For practical applications, the concentration of feedstock in the reaction mixture should be as concentrated as possible. However, 5-HMF yield and selectivity

normally decrease with increasing initial carbohydrate concentration since the formed 5-HMF can combine with monosaccharides, and cross-polymerize to form humins [25]. In aqueous systems including aqueous mixture systems, losses due to humin formation can be as high as 35 % for 18 wt% fructose solution, although this value decreases to 20 % for 4.5 wt% fructose solutions [25]. It was reported that in aqueous mixtures, the formation of humins for fructose conversions in ionic liquids can be largely inhibited [20, 45, 65]. Qi et al. [20] examined the effect of initial fructose concentration on fructose conversion and 5-HMF selectiv­ity in [BMIM][Cl]. When the fructose/[BMIM][Cl] weight ratio was increased from

0. 01 to 0.05, the 5-HMF selectivity changed slightly from 86 to 85.2 %. As the fructose/[BMIM][Cl] weight ratio was increased from 0.05 to 0.1, the 5-HMF selectivity decreased by about 5 %. Additional increases in the fructose/[BMIM] [Cl] weight ratio did not lead to significant lowering of the 5-HMF selectivity, which is similar to the trends noted by Yong et al. for the conversion of fructose in [BMIM][Cl] with NHC/CrCl2 (NHC=N-heterocyclic carbene) complexes as cata­lysts [45]. Xie et al. [65] studied the dehydration of fructose in [BMIM] [Cl] catalyzed by lignosulfonic acid, and the 5-HMF yields of 92.7, 88.0, 84.1, and 73 % were obtained when 5, 10, 25, and 50 wt% of fructose were used, respectively. Increasing amounts of humins (0.007, 0.019, and 0.046 g) was observed for the increasing fructose concentrations, supporting the hypothesis that high concentrations of sugars and 5-HMF in ILs promote degradation and polymerization of 5-HMF.

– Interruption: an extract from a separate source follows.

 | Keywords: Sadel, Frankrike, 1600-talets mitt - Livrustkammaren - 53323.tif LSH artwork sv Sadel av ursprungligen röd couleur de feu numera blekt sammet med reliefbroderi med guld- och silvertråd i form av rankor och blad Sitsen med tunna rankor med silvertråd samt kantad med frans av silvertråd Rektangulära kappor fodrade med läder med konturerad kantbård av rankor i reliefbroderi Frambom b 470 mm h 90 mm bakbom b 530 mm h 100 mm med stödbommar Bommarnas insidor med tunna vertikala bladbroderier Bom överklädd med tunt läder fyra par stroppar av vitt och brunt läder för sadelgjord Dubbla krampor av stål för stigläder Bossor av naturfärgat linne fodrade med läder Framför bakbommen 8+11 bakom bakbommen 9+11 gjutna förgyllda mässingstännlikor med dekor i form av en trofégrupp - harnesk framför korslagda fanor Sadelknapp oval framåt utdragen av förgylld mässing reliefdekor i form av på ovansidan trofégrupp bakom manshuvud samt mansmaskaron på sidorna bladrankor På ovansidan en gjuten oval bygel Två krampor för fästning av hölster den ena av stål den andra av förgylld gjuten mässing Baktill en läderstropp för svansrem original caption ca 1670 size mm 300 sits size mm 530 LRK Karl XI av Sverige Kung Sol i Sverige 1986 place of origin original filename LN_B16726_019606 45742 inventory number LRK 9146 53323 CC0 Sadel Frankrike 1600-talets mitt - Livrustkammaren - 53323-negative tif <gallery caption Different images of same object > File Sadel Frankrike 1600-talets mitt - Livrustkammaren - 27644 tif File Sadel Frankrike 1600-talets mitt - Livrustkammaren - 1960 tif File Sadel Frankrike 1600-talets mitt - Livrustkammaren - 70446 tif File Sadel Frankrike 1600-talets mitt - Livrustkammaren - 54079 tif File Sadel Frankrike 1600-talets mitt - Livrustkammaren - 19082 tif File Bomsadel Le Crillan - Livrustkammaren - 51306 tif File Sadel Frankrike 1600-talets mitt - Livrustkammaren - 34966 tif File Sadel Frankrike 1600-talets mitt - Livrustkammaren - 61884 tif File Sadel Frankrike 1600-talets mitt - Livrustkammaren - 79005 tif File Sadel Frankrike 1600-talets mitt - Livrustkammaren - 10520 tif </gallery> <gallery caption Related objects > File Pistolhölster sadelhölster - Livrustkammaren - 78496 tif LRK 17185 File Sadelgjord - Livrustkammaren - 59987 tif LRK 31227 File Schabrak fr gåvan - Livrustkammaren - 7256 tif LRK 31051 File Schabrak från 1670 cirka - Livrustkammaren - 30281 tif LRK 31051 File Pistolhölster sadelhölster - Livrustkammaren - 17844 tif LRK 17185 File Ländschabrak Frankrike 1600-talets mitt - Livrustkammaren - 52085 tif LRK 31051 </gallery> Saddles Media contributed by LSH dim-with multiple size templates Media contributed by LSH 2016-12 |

Liu et al. [38] presented a promising choline chloride/CO2 (ChCl/CO2) system that could tolerate high fructose concentration with stable 5-HMF yield. The research group showed that as high as 100 wt% of fructose could be dehydrated into 5-HMF in ChCl/CO2 system without substantial loss of yield (66 %) (Fig. 9.7).

This process provides a practical and eco-efficient synthesis method for 5-HMF. The authors ascribed the surprising tolerance of the ChCl/CO2 system to a high content of fructose to a change of the physico-chemical properties of the ChCl/ fructose mixture. Even in the presence of water, ChCl is capable of forming various deep eutectic solvents (DESs) with many hydrogen-bond donors such as polyols, urea, or carboxylic acid. After fructose is dehydrated into 5-HMF, ChCl and 5-HMF tend to form a new DES, which stabilizes the 5-HMF allowing its reactivity to be drastically reduced thus inhibiting its decomposition.